Dopo gli anni ‘70, in particolare negli anni ‘90, si assiste ad un’inversione di marcia: la

considerazione della percezione fisica come ente neutrale, non oggetta a distinzioni raziali, di

genere ed economiche, sembra essere riduttiva5.

Assistiamo al ritorno della Phenomenological Installation Art con l’artista danese Olafur

Eliasson. Volendo modificare la convenzionale percezione che lo spettatore ha della struttura del

museo, attuando in esso un’attitudine critica, Eliasson, conosciuta per le sue installazioni fatte di

materiali naturali: aria, acqua, terra, ghiaccio, luce, simula fenomeni naturali in ambienti artificiali,

rendendo possibile un effetto di corto circuito nella percezione del visitatore.
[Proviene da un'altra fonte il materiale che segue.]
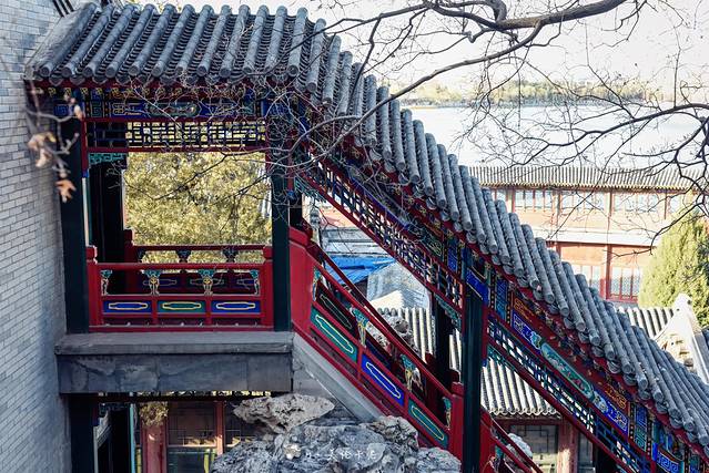 虽是皇家园林,北海却未有太过端重的皇家气质,反倒是“漪澜堂波相光映,濠濮间游廊曲折”,颇有些江南园林的温婉秀丽,而琼华岛上的藏式白塔是整个北海公园的标志。是的,脍炙人口的“让我们荡起双桨,小船儿推开波浪,海面倒映着美丽的白塔,四周环绕着绿树红墙……”,说的就是这里。
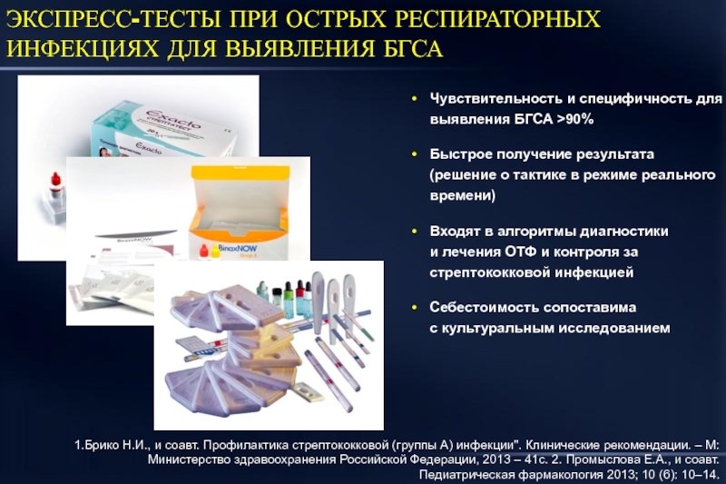 1.Брико Н.И., и соавт. Профилактика стрептококковой (группы А) инфекции". Клинические рекомендации. – М: Министерство здравоохранения Российской Федерации, 2013 – 41с. 2. Промыслова Е.А., и соавт. Педиатрическая фармакология 2013; 10 (6): 10–14.

Arcobaleni artificiali

(Beauty, 1993), nuvole fluttuanti e nebbia invadono enormi spazi espositivi, come in The Weather

project (1993), scatenando nello spettatore una presa di coscienza non solo della sua esperienza

fisica nell’opera, ma anche della propria posizione in relazione all’autorità dell’istituzione che lo

ospita.

Mimetic Engulfment

La mimesi come perdita di personalità è una tesi sviluppata, grazie allo studio dei fenomeni

della mimesi negli insetti, dal teorico francese Roger Callois, nel saggio Mimicy and Legendary

Psychastenia (1935).
5
La Bishop, in questo caso, fa riferimento in particolare alle teorie femministe e post-strutturaliste, citando autori come
Michel Faucoult e Jaques Derrida.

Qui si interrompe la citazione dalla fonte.